James Scowcroft

Personal information
- Full name: James Benjamin Scowcroft
- Date of birth: 15 November 1975 (age 49)
- Place of birth: Bury St Edmunds, England
- Height: 6 ft 1 in (1.85 m)
- Position(s): Striker

Youth career
- 1986–1994: Ipswich Town

Senior career*
- Years: Team / Apps / (Gls)
- 1994–2001: Ipswich Town / 206 / (47)
- 2001–2005: Leicester City / 133 / (24)
- 2005: → Ipswich Town (loan) / 9 / (0)
- 2005–2006: Coventry City / 41 / (3)
- 2006–2009: Crystal Palace / 83 / (14)
- 2009–2010: Leyton Orient / 26 / (0)
- 2010–2012: Bury Town / 26 / (8)
- Total:  / 524 / (96)

International career
- 1996–1997: England U21 / 5 / (0)

= James Scowcroft =

English footballer and coach

James Benjamin Scowcroft (born 15 November 1975) is an English retired footballer who played as a striker. He is a European Scout for Crystal Palace.

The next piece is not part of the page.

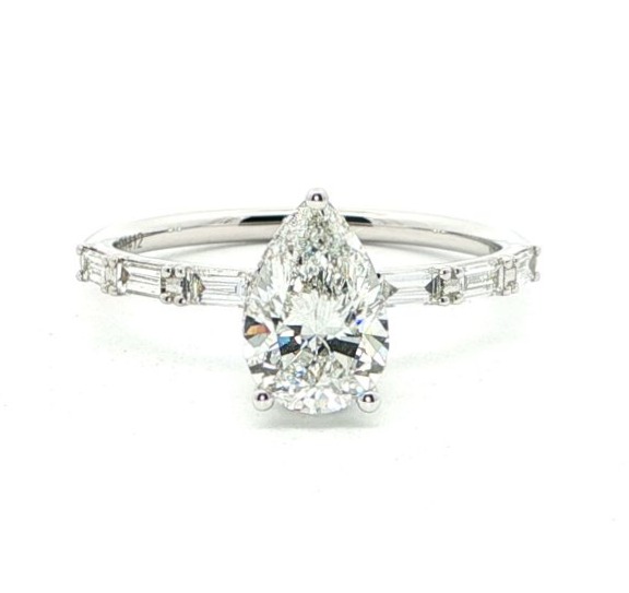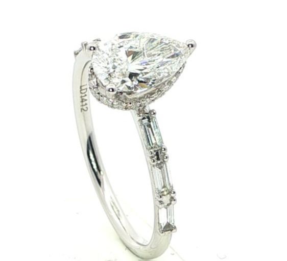 Diamant Ring „Tropfen“ 1,41 ct. Weissgold 14K synthetisch
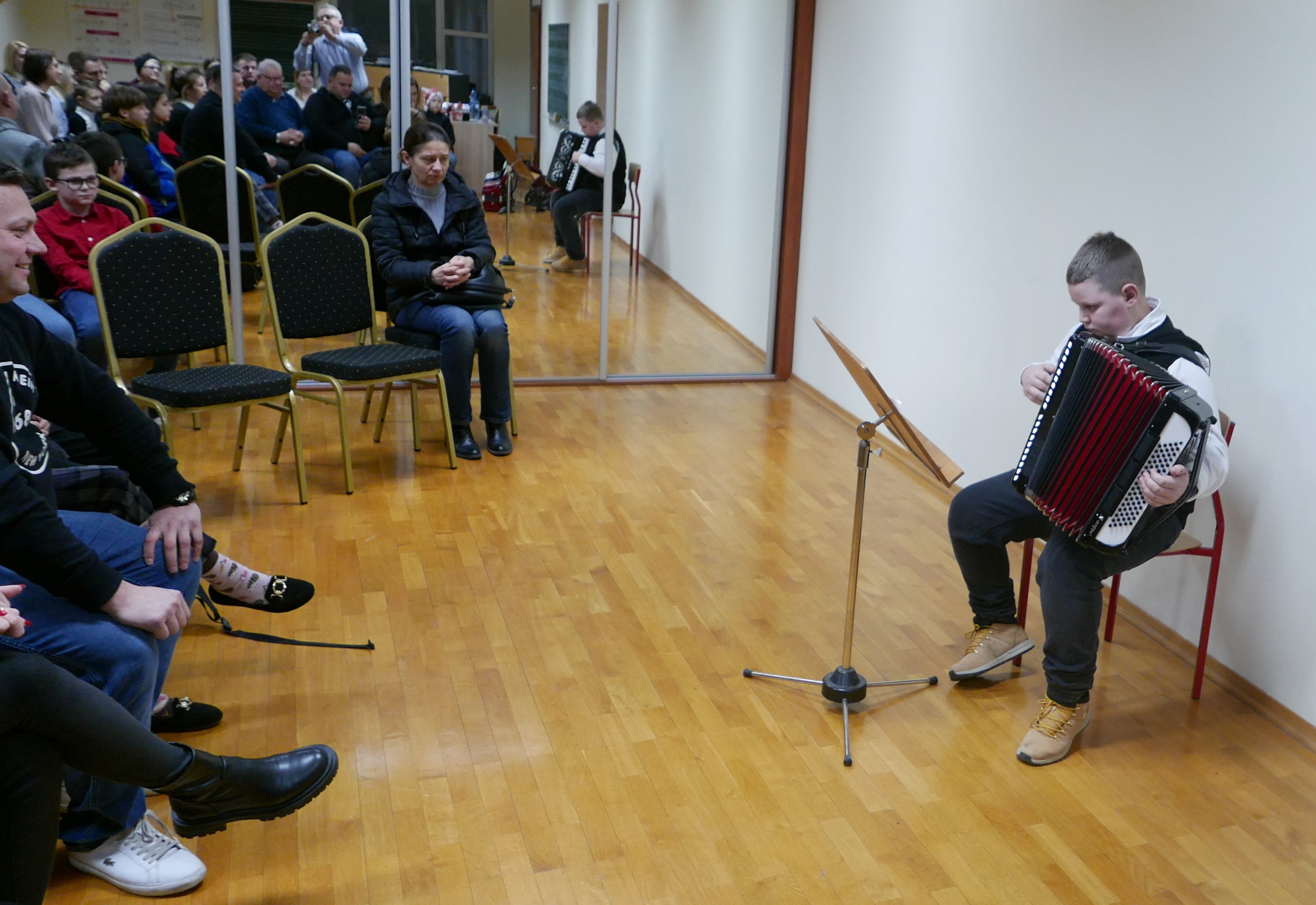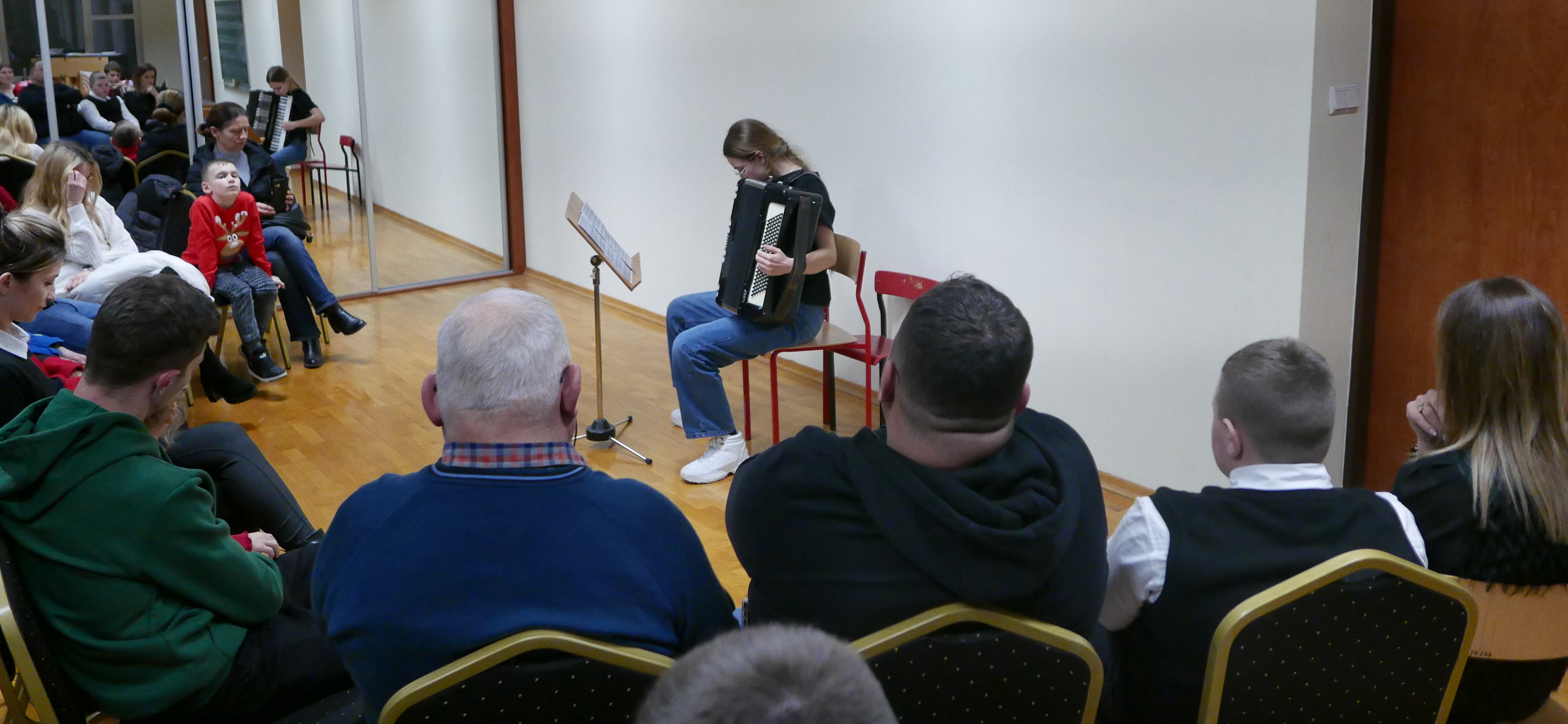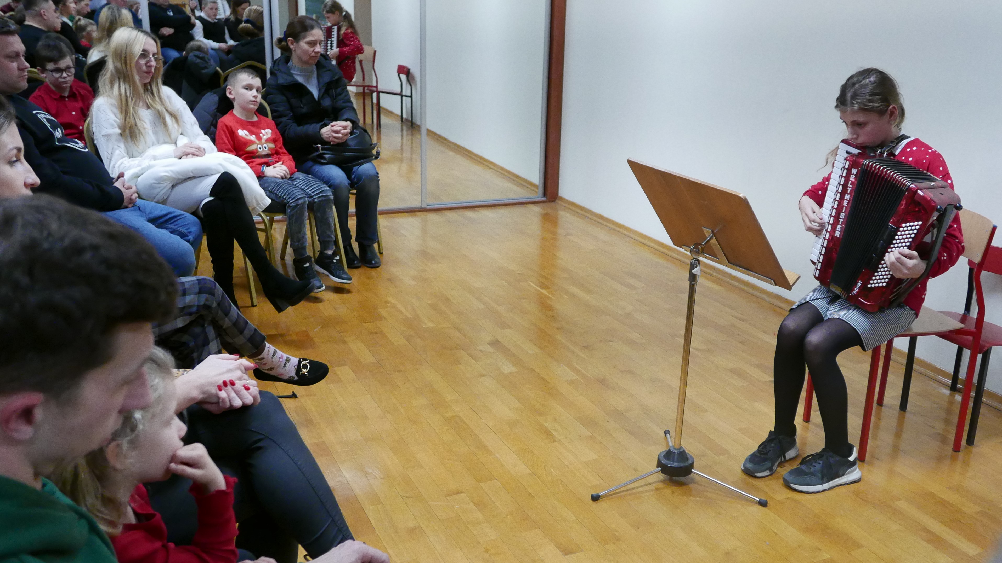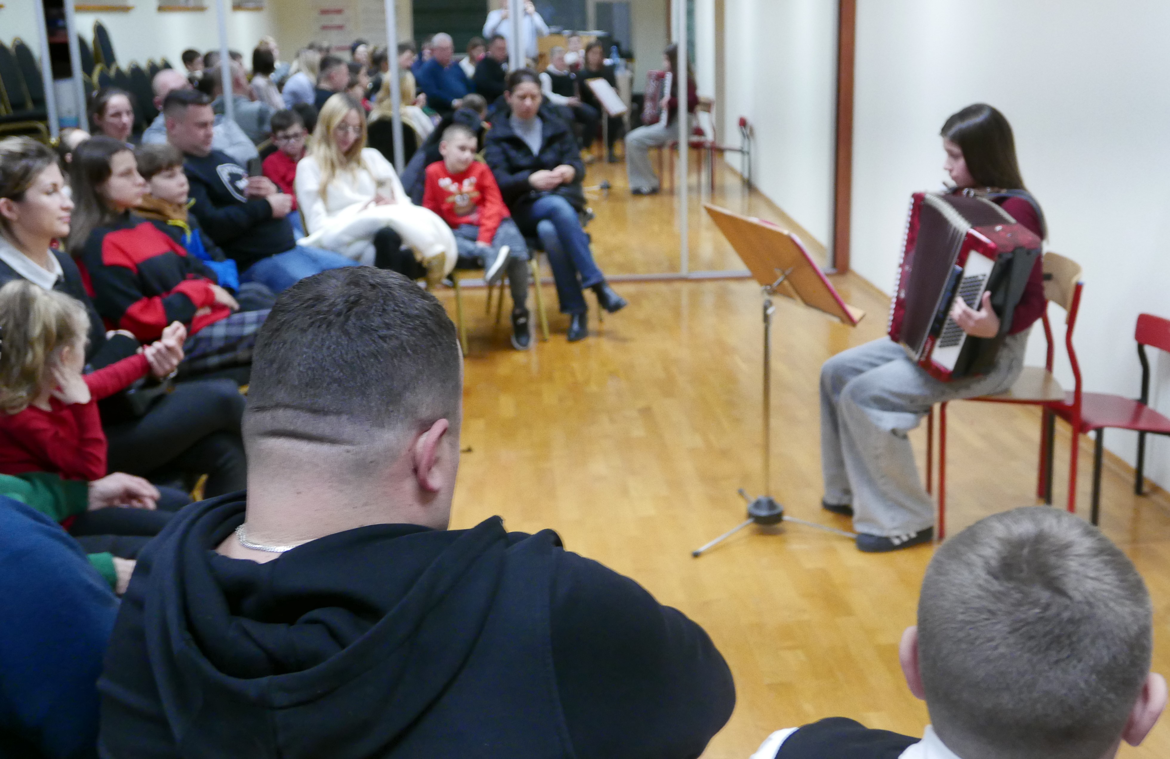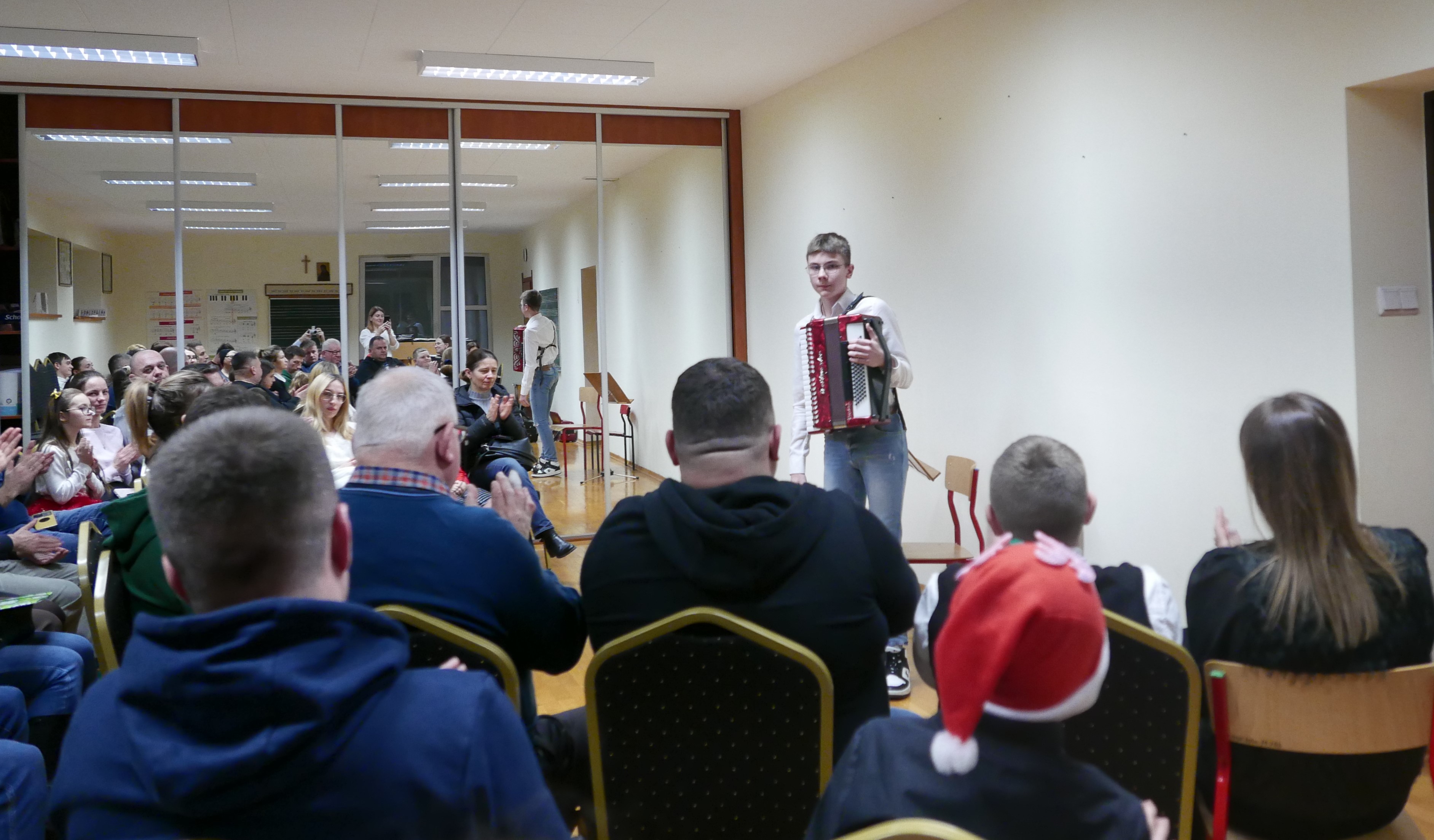 6.12.2024 roku uczniowie klasy akordeonu p.Bogdana Drozdowskiego zagrali audycję dla rodziców. Niektórzy z nich pierwszy raz zaprezentowali się na scenie. Brawo! Wystąpili w kolejności: Wojtuś Romaniuk z kl. I c6, Tymek Prokopiuk i Wojtuś Falkowski z kl. II c6, Wojtuś Chmielewski z kl. III c6, Maja Sosna i Masymilian Kosiński z kl. IV c6, Tymek Roszczyc z kl. VI c6, Nikola Sadowska, Michał Kalicki i Olga Ambrożewicz z kl. IV c4, Damian Ruczaj trzeci miesiąc nauki.

Scowcroft began his career at Ipswich Town, graduating from the club's academy. He went on to score over 50 goals and make over 200 appearances for Ipswich, helping the club win promotion to the Premier League in 2000. He joined Leicester City in 2001, spending four seasons at the club, including helping the club return to the Premier League in 2003. He returned to Ipswich on loan during the 2004–05 season before joining Coventry City in 2005. He spent one season at Coventry before leaving to join Crystal Palace in 2006. He spent three seasons at Crystal Palace. In 2009 he joined Leyton Orient, spending one season with the club. After his release from Leyton Orient in 2010, Scowcroft joined hometown club Bury Town.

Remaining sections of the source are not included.